The MF-RANet overall model built in this article is shown in Fig. 4. In the figure, the main feature frame path takes the ResNet50 network as the main body, and layers 1–4 in the ResNet50 network are represented as stages 1–4 in the figure. First, the attention mechanism is used to focus attention on some important or interesting information. Then, each layer of the ResNet50 network is cross stacked with four attention modules, and the resulting structure is Boxes 1–4 in Fig. 4. The resulting structure gives different weights to the feature information processed in the ResNet50 network to filter out the unimportant information and extract the large available features required for the identification of citrus diseases. This process can effectively improve processing efficiency and model performance. In addition, the detailed feature frame path extracts features in parallel with the main feature frame path in the graph, and all lead to the full connection layer. A feature fusion module is added on each layer of the main feature frame path in parallel. The micro features in each layer are extracted to obtain the detail feature layers of layers M1–4 in Fig. 4. Finally, the detailed features fused in layers M1–4 are input to the whole company layer and detected together with the large information features. This avoids the loss of small features to a great extent and optimizes the network performance. The experimental results show that the network structure composed of the main feature frame and detail feature frame plays an important role in citrus disease recognition accuracy. In addition, we use the ELU activation function in the basic ResNet50 network to solve the problems of gradient disappearance and gradient explosion. At the end of the network, we use label smoothing regularization to suppress the overfitting of the MF-RANet network and improve citrus disease classification accuracy.

Fig. 4
figure 4

Schematic diagram of the MF-RANet model

Main feature box road

The main feature box is composed of each layer of the ResNet50 network and attention module. The following focuses on the ResNet50 and RAM structures.

1. ResNet50

ResNet is a network model proposed by He et al. [24] in 2015. At present, it has surpassed a series of algorithms, such as VGG [25], R-CNN [26], Fast R-CNN [27], and Faster R-CNN [28], in image classification and has become a basic feature extraction network in the field of general computer vision. ResNet50 uses a residual unit, which reduces the number of parameters and adds a direct channel in the network, increasing CNN's ability to learn features [29]. It can solve the difficult problem of gradient vanishing network training in a deep network. Through this residual unit structure, the network learning goal can be simplified, and the classification accuracy can be improved, which has good portability.

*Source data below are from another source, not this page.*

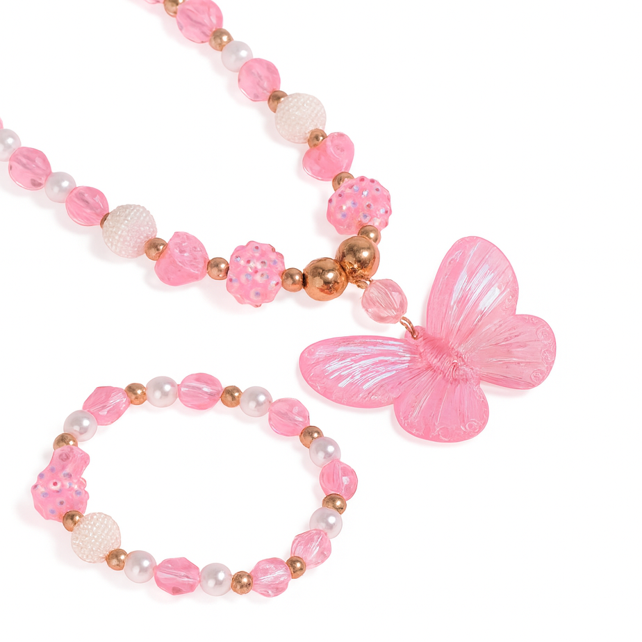 Add some sparkle to your little one's outfit with this playful necklace and bracelet set from Pickwick & Sprout! Featuring a sparkly butterfly design and stretchy elastic for comfortable wear, this mermaid and ocean themed set is perfect for dress up play and accessorising.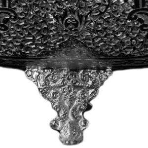 به این ظرف کشکول نیز گفته میشود. برای استفاده در دکوراسیون داخلی منزل، آجیل خوری و یا شکلات خوری یک انتخاب منحصر به فرد است. این ظرف به تمامی از نقره 84 عیار ساخته شده است وبا ظرافت و استادی تمام قلمزنی شده است.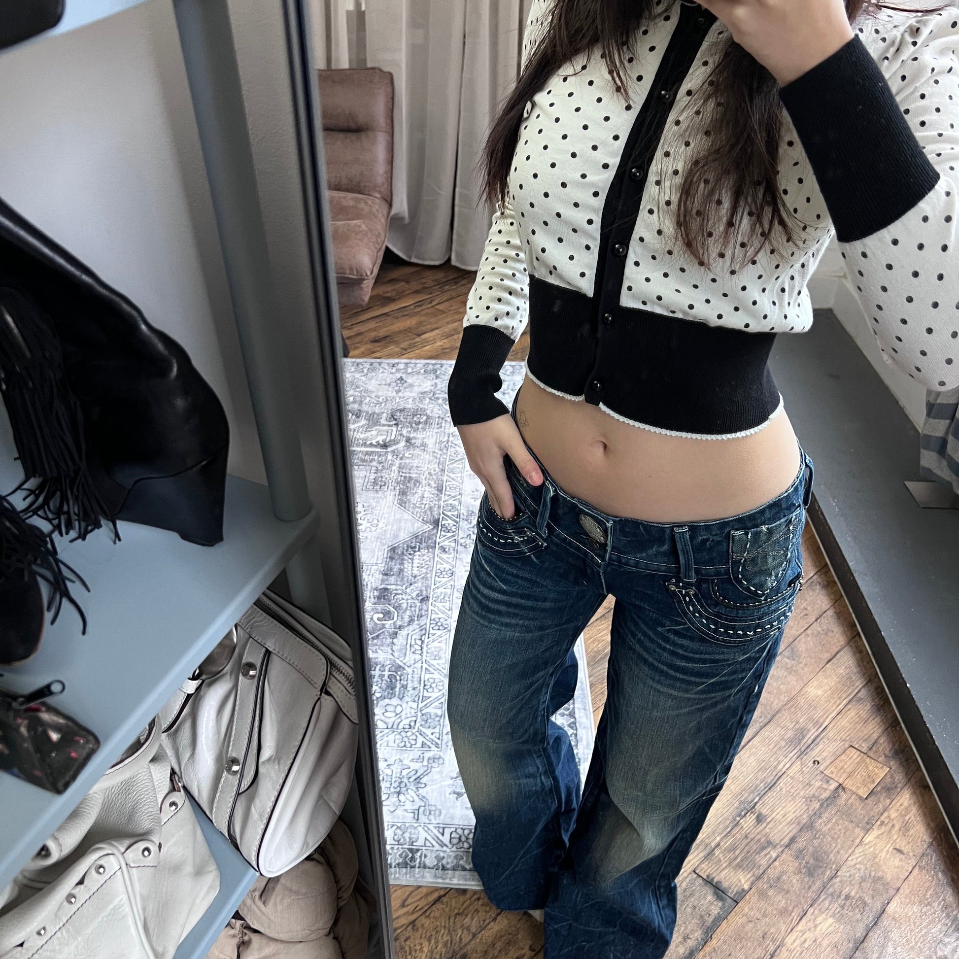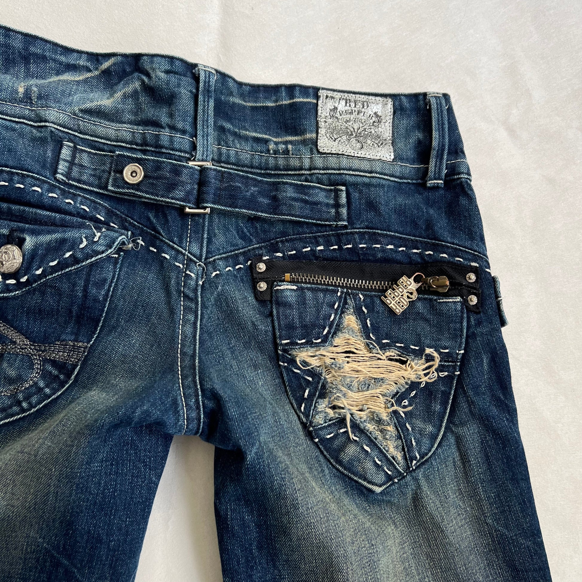 red pepper medium wash denim low mid rise distressed star wide leg trousers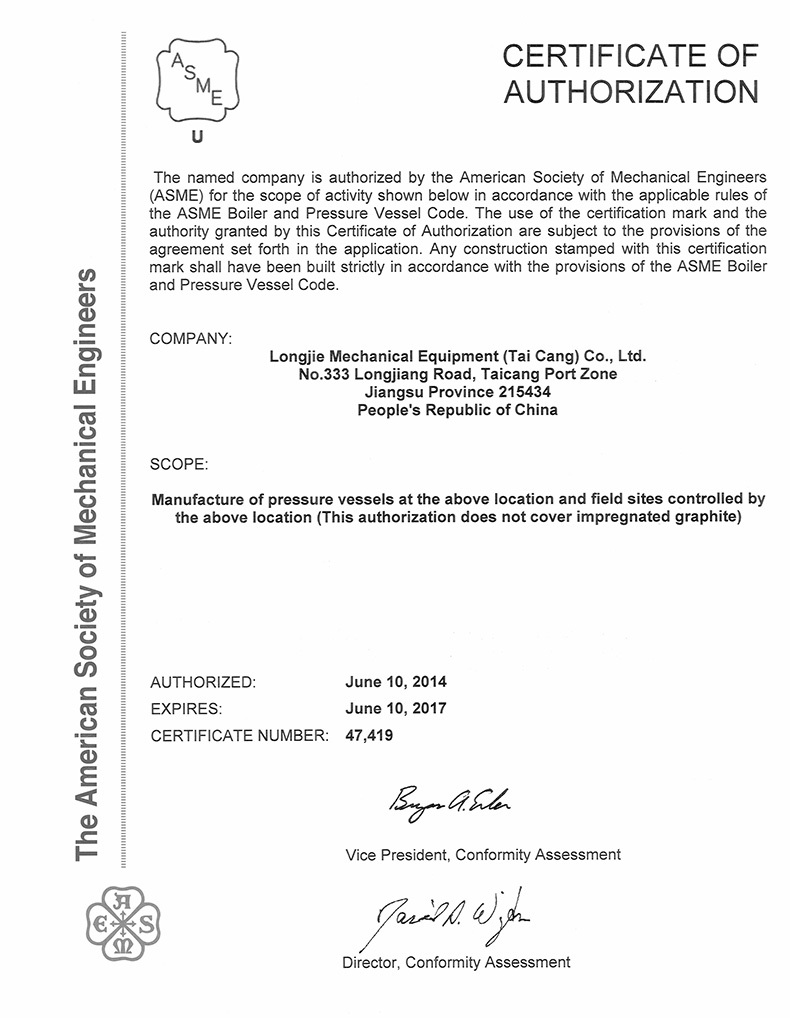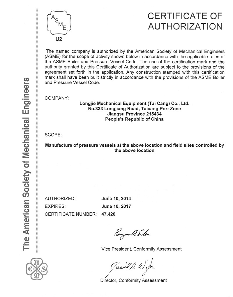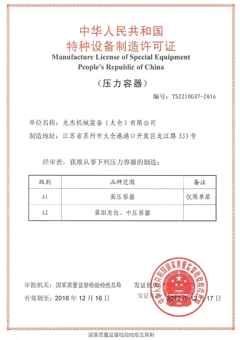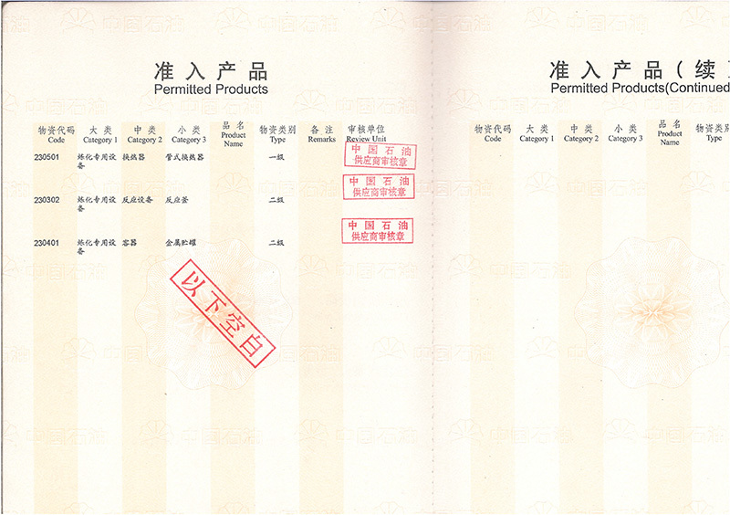 公司具有中國高、中低壓壓力容器生產(chǎn)許可證(A1級, 包含設(shè)計(jì)、制造),ASME U、U2鋼印證書,PED G模式生產(chǎn)資格,是中石化、中石油、中海油、中化集團(tuán)、國家能源集團(tuán)等大型知名企業(yè)的合格供應(yīng)商。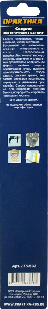 Купить Сверло по бетону ц/х ударное удлиненное 4-х спиральное Профи ПРАКТИКА в Екатеринбурге и Свердловской области можно в сети магазинов КРЕПЕЖ-СИТИ.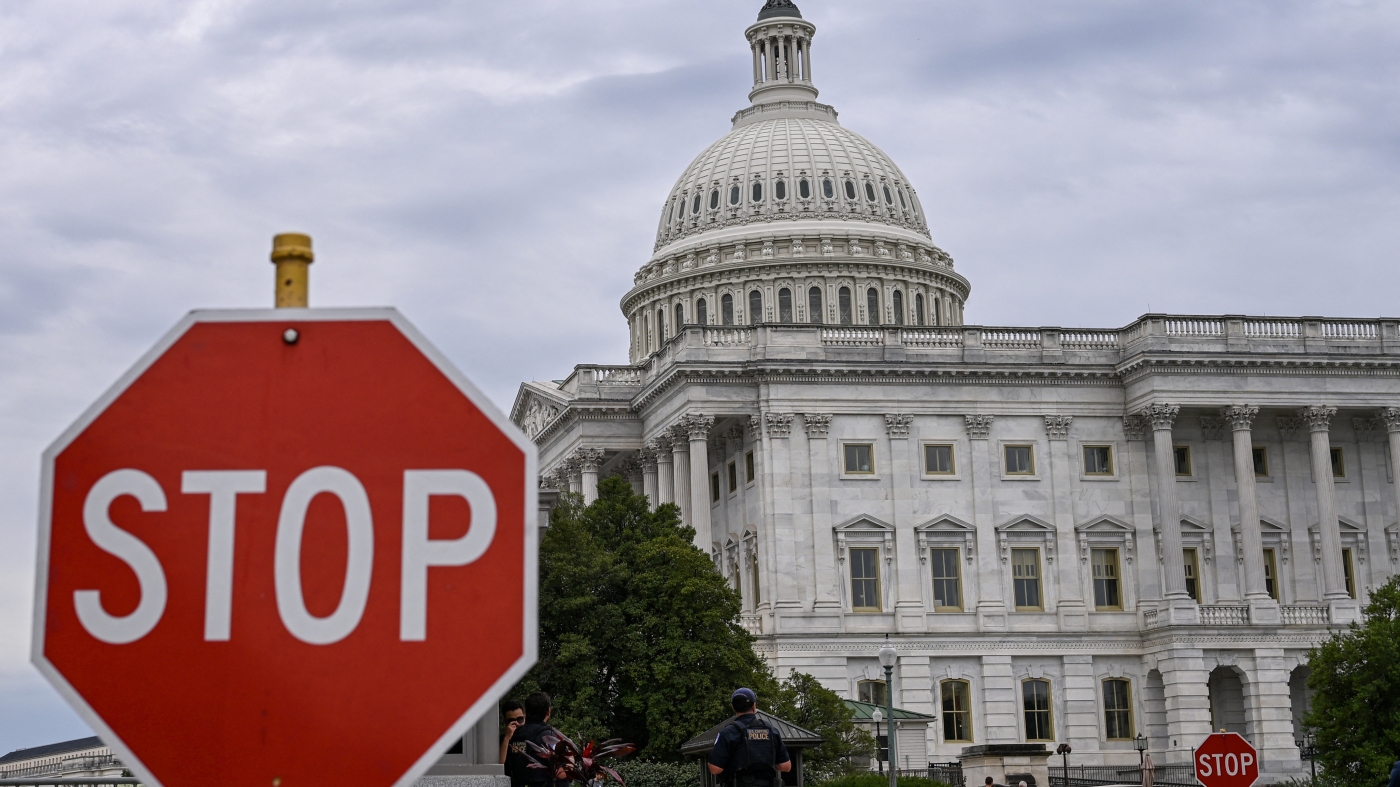 Una señal de stop se encuentra frente al Capitolio de los Estados Unidos en Washington, DC

Each layer of the ResNet50 network contains 2 modules, an identity block and a convolution block. Convolution blocks can change the network dimension, but they cannot be connected in series; identity blocks are used to deepen the network and can be connected in series. With the deepening of the network level, the learned things become more complex, and the number of output channels increases. Therefore, while using identity blocks to deepen the network, it is also necessary to use convolution blocks to convert dimensions so that the features of the part in front can be transmitted to the feature layer in the back. Compared with previous networks, it is still one of the classic and used networks because of its few parameters, deep layers and excellent classification and recognition effect. However, for the problems that small features are easy to ignore and similar features are not easy to distinguish in the identification of citrus diseases, a single ResNet50 structure is still not enough. Therefore, this article improves upon ResNet50.

2. RAM

When people observe and recognize the target, they will focus on the prominent part of the target and ignore some global and background information. This selective attention mechanism is consistent with the characteristics of the discrimination part in fine-grained image classification. Then, in order to focus on monitoring the different features of the citrus diseases image, this paper cross adds the residual attention mechanism in each layer of resnet50. The RAM can give higher weight distribution to the features containing disease identification information. It can effectively improve the effect of fine-grained classification. There are two branches in RAM, namely, the mask branch and trunk branch. The trunk branch is convolution, and the mask branch outputs the attention feature map with the same dimension through feature map processing. Then, the characteristic graphs of the 2 branches are combined by point multiplication to obtain the final output characteristic graph. Finally, the RAM model is formed, as shown in Fig. 5. The structure and model construction of the RAM module are introduced below:

Fig. 5
figure 5

RAM schematic diagram

In the trunk branch structure, there are two convolutions in the main RAM branch structure, and the input features are directly processed into the same size as the mask branch structure 7 × 7.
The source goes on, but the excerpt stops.